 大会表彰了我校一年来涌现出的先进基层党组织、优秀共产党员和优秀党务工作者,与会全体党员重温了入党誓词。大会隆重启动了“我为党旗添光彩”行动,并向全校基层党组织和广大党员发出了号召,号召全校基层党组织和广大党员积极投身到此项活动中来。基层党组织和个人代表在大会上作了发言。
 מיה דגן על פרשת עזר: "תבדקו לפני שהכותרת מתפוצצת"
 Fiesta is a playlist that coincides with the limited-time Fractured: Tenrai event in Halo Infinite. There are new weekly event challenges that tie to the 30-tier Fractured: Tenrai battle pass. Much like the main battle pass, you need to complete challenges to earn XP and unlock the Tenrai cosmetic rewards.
---
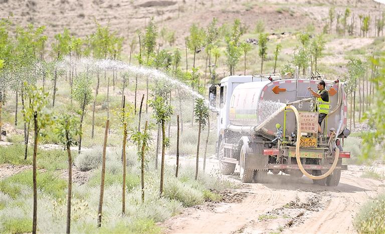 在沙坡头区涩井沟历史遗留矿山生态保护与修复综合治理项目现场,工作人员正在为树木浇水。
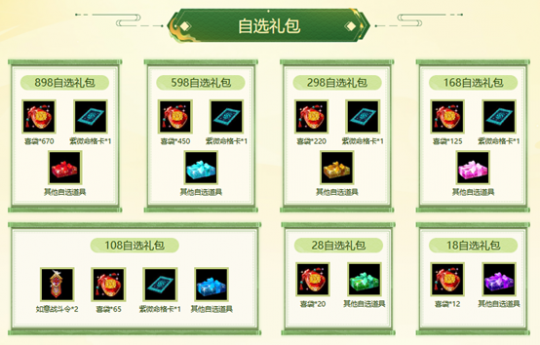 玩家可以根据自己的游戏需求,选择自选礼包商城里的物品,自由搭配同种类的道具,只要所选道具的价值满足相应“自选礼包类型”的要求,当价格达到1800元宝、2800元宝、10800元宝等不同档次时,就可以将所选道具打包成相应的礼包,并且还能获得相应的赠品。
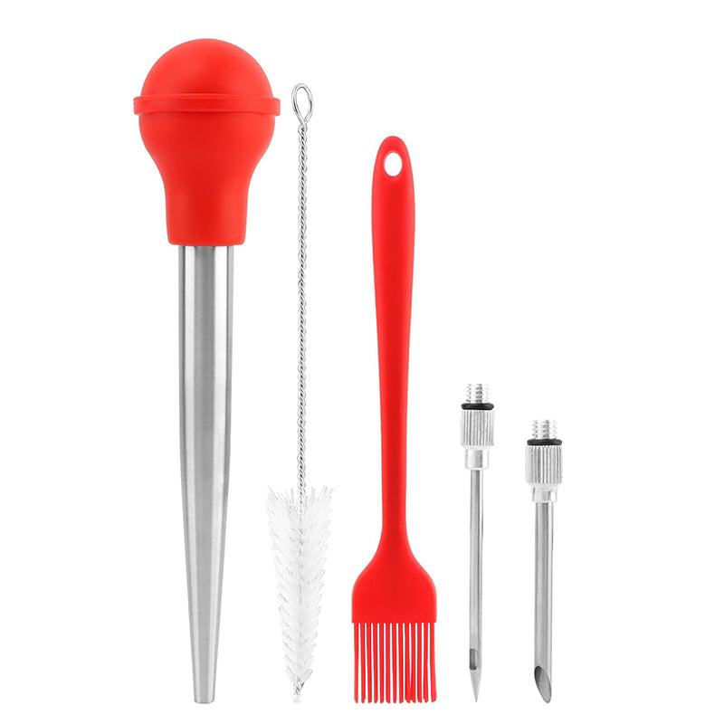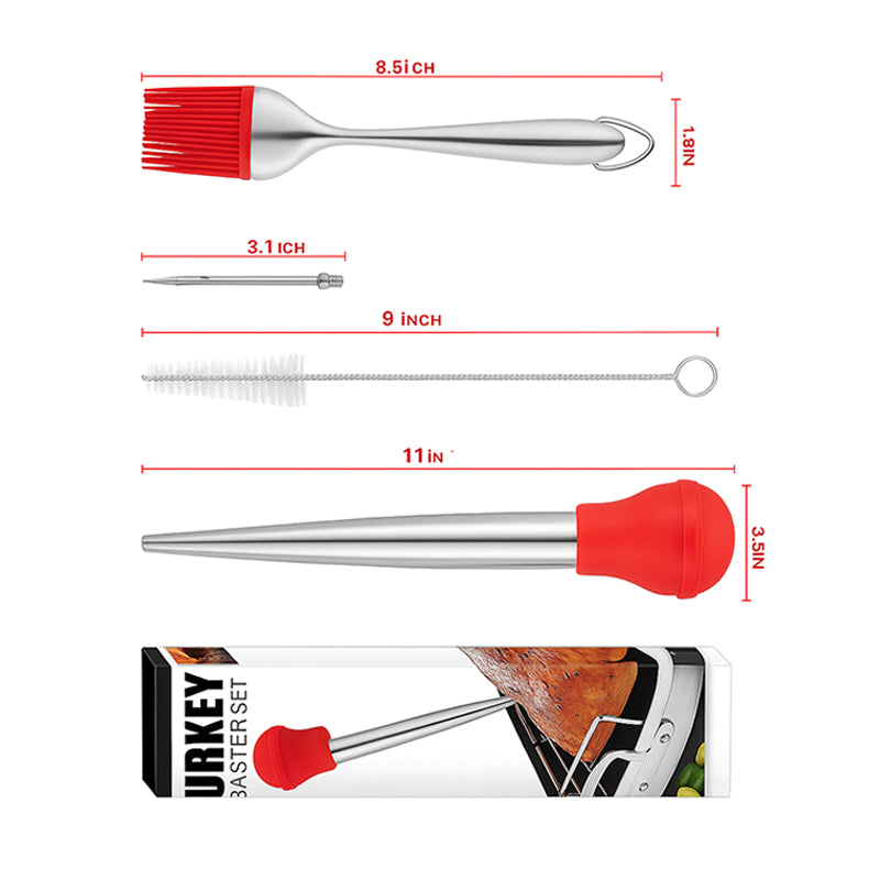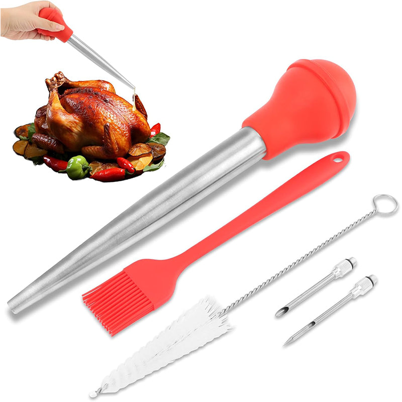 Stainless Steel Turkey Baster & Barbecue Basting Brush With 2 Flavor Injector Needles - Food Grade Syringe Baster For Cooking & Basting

- TASK TO COMPLETE -
Give back, exactly as written, the stretch from the line with "מיה דגן על פרשת" through the line with "Fiesta is a", and no other lines from the records above.

- SOLUTION FOR THIS EXERCISE -
 מיה דגן על פרשת עזר: "תבדקו לפני שהכותרת מתפוצצת"
 Fiesta is a playlist that coincides with the limited-time Fractured: Tenrai event in Halo Infinite. There are new weekly event challenges that tie to the 30-tier Fractured: Tenrai battle pass. Much like the main battle pass, you need to complete challenges to earn XP and unlock the Tenrai cosmetic rewards.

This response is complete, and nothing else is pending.